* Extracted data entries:
———

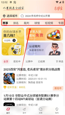 2、提供线上报名功能,用户可以轻松参与各类赛事活动。
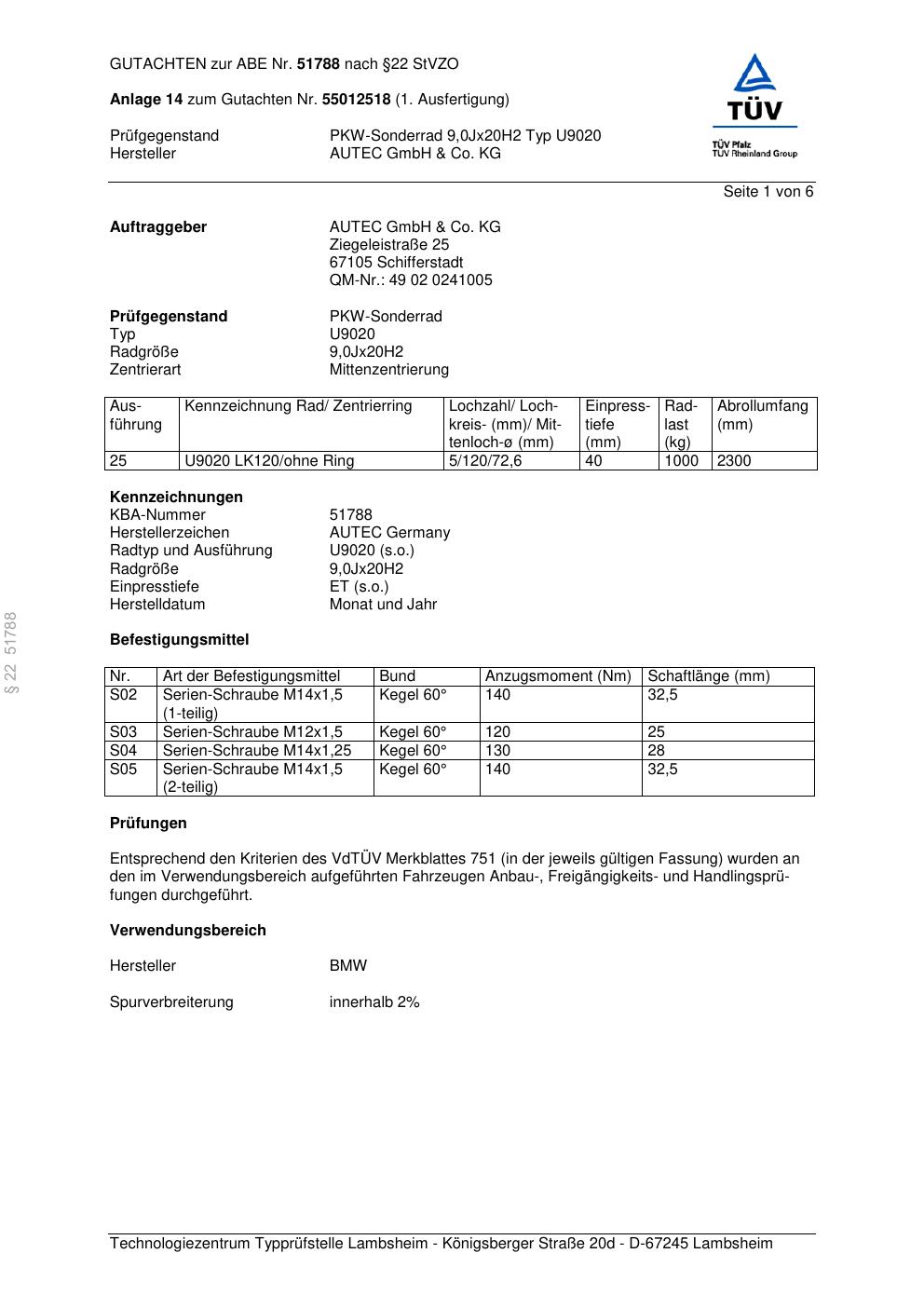Dieses Gutachten (abe) bezieht sich auf die Alufelge Autec U9020 in der Ausführung 9Jx2 ET 0, Mittenloch 0 mm (KBA 51788). Im PDF findest du typischerweise zulässige Reifengrößen, Auflagen/Anbauhinweise und – je nach Dokument – Hinweise zur Eintragung.
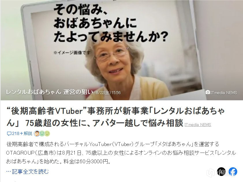 但不得不說,“租賃虛擬奶奶”這樣的舉措,確實能在一定程度上緩解老年人的孤獨,也能爲不少原子化的日本年輕人提供疏解渠道。這倒是比原本的“元宇宙奶奶”更進一步——畢竟,原本的直播還是太“商業”,也太“公開”,某些話語實在難以傾訴。而大多數時候,人們也還是在感慨老年Vtuber對時代的追逐。
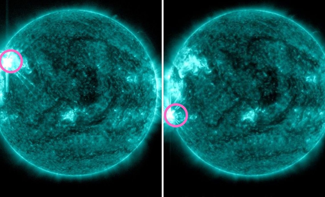 The first eruption, an X1.8-class flare, exploded from sunspot AR4274 and peaked at 12:34 p.m. EST (1734 GMT). It triggered a strong R3 radio blackout across much of North and South America. A few hours later, at 5:02 p.m. EST (2202 GMT), a second X.1.1-class flare erupted from a region still hidden beyond the sun’s southeastern limb, triggering another strong radio blackout across the North Pacific Ocean, New Zealand and parts of eastern Australia.
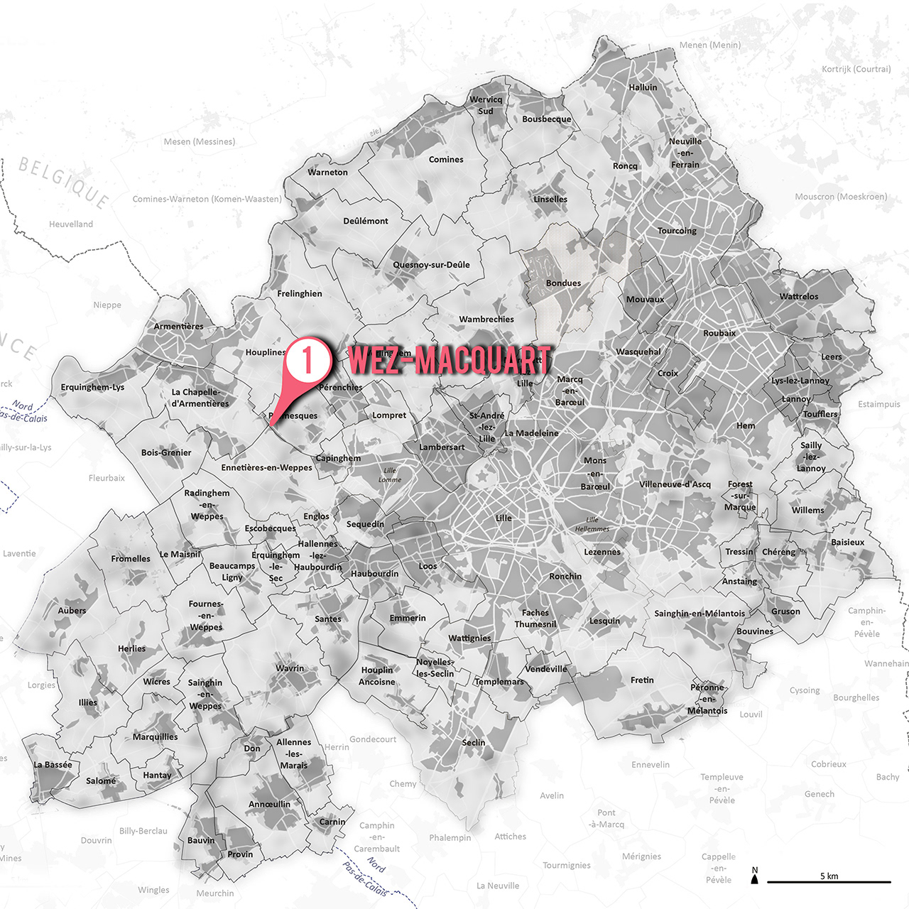 Aux portes des Weppes, le hameau de Wez-Macquart vient incarner cette typologie urbaine de «ville et village durable» tel qu’inscrit au SCOT. Son développement s’est opéré principalement le long des axes de transports et a permis de conserver le parcellaire agricole. Il a la particularité d’appartenir à quatre communes: Chapelles d’Armentières, Houplines, Presmesques et Ennetières-en-Weppes, et de s’inscrire au carrefour de trois d’entre-elles.
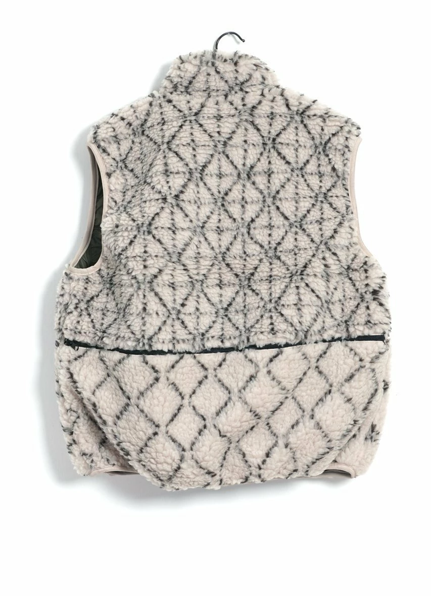 Reversible, allover print fleece vest. As the name suggests, the allover print gets its name and takes inspiration from the traditional Japanese embroidery technique, Sashiko.
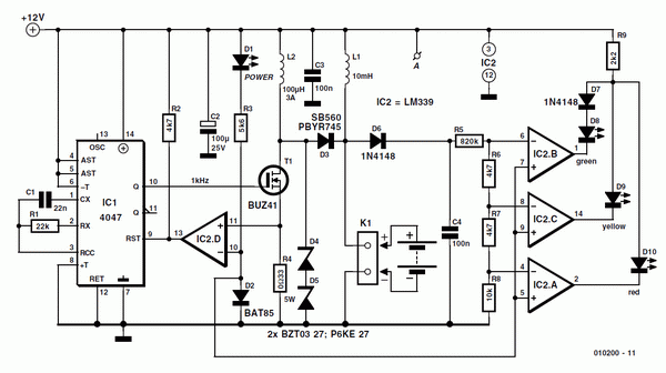 не дает мне спокоя эта схемка хоть и рабочая(стоит аккум на балконе и "чухается" импульсами) но все-таки предварительно откалибровал индикатор(компаратор) при 20...30 и выше вольт горят желтый и красный почему-то. так и не понял до 15 вольт зеленый,15...20 -желтый,20..30 и выше -желтый и красный но вот я о чем к слову... LM339 "бытовушка"- микруха судя по всему(да и лень гуглить даташит) при комнатной температуре желтый светился вынес на балкон при 10 тепла.засветился зеленый .отнес обратно в комнату..через небольшео время снова засветился желтый имейте ввиду-нужно калибровать ,т.к я например буду ставить под капот авто! осень-зима-весна-лето
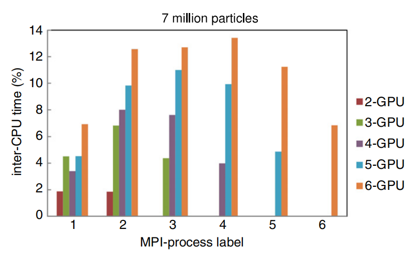 图:每个MPI进程用于使用不同数量的GPU进行模拟的CPU间通信的时间百分比。横轴对应MPI过程的标签。较小的时间对应于分配给模拟框端点的过程,如文中更详细的解释。
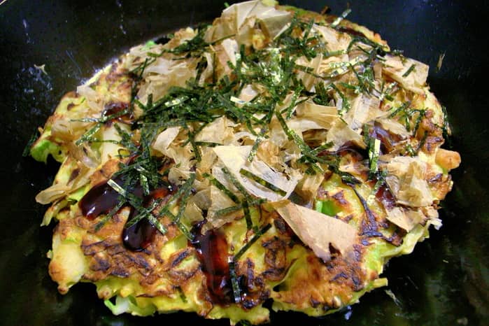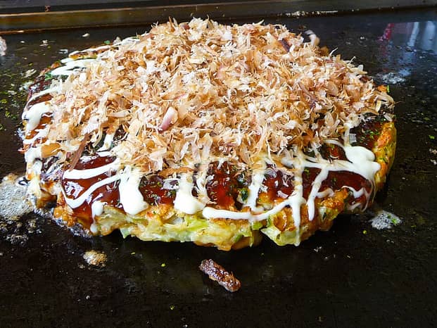 Okonomiyaki là tên gọi của món bánh xèo hấp dẫn này. Okonomiyaki được đọc là (o-konomi-yaki) là một loại bánh mặn áp chảo gồm nhiều loại nguyên liệu. Tên của bánh được ghép từ okonomi nghĩa là "thứ bạn thích/muốn", và yaki nghĩa là nấu nướng, được xem là món ăn đặc trưng của ẩm thực vùng Kansai hoặc Hiroshima, nhưng món này có mặt khắp nơi trên đất Nhật. Nguyên liệu làm đế bánh và làm nhân thay đổi tùy từng vùng. Okonomiyaki của Tokyo nhỏ hơn ở Hiroshima và Kansai.
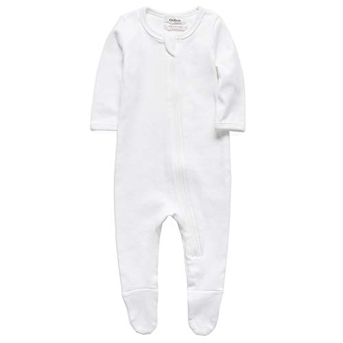 O2Baby Baby Boys Girls Organic Cotton Zip Front Sleeper Pajamas, Footed Sleep ‘n Play ?3-6Months,Off-White?
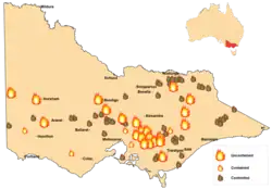 - ↑ Nine bushfires out of control in Victoria. s. 2009-02-07. [dostęp 2009-02-08].

———

* What to produce:
If a line falls between the one containing "O2Baby Baby Boys" and the last line of the entries above, both included, reproduce it exactly; leave the pictures out.

* Result for this exercise:
 O2Baby Baby Boys Girls Organic Cotton Zip Front Sleeper Pajamas, Footed Sleep ‘n Play ?3-6Months,Off-White?
 - ↑ Nine bushfires out of control in Victoria. s. 2009-02-07. [dostęp 2009-02-08].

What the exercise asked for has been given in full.